The lags vector has length 17, but the yp vector comes out to be of length 10. Even though you have 17 entries in yp, many of them as []
yp = [ dxdt; dydt; dzdt; dvdt;dwdt; dx1dt; dy1dt; dz1dt; dv1dt;dw1dt;
dlambda1dt; dlambda2dt; dlambda3dt ;dlambda4dt ;dlambda5dt; du1dt; du2dt ];
K>> dxdt
dxdt =
[]
K>> length(yp)
10
lags = [ 10; 0.2; 2; 10; 0.2; 10; 0.2; 2; 10; 0.2; 15; 0.9; 0.17; 0.01;
0.5; 0.000010; 0.00002];
sol = dde23(#prob2f,T,lags,[0,10], u1, u2);
K>> length(lags)
17
The return from your prob2f() should have same length as lags.
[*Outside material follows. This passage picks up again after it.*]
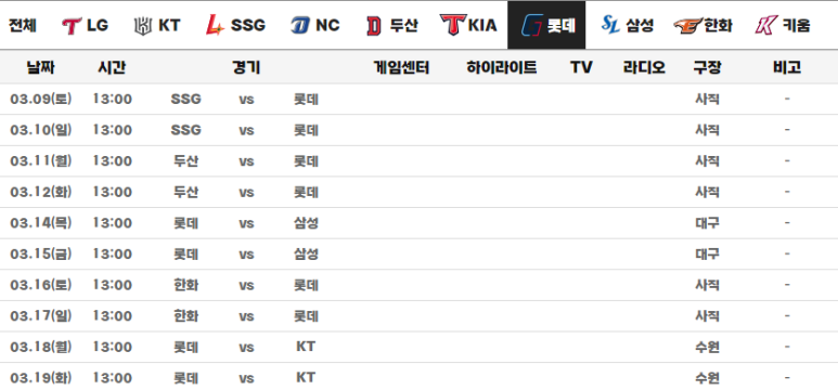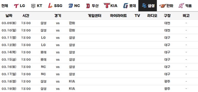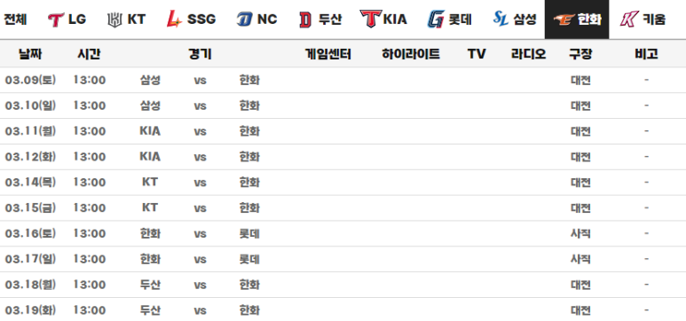 대전 홈 경기 : 3월 9일, 10일, 11일, 12일, 14일, 15일, 18일, 19일
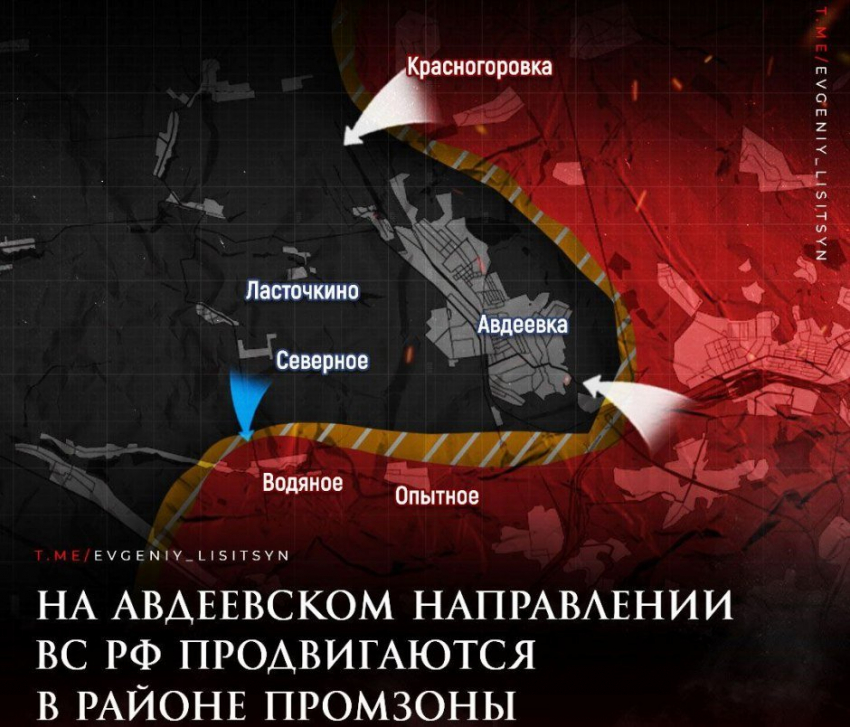 «Большого наступления с «Промки» на Авдеевку сейчас нет, противник готовится к обороне на новых позициях. К северу от города идут бои у Степового и к западу от Красногоровки. Есть некоторые подвижки у коксохима», - написал он в своём Telegram-канале.

This is why the error shows up
f0 = feval(ddefun,t0,y0,Z0,varargin{:});
nfevals = nfevals + 1;
[m,n] = size(f0);
if n > 1
error(message('MATLAB:dde23:DDEOutputNotCol'))
elseif m ~= neq
error(message('MATLAB:dde23:DDELengthMismatchHistory')); <========
end
You need to check your prob2f function and make sure yp has same length as lags.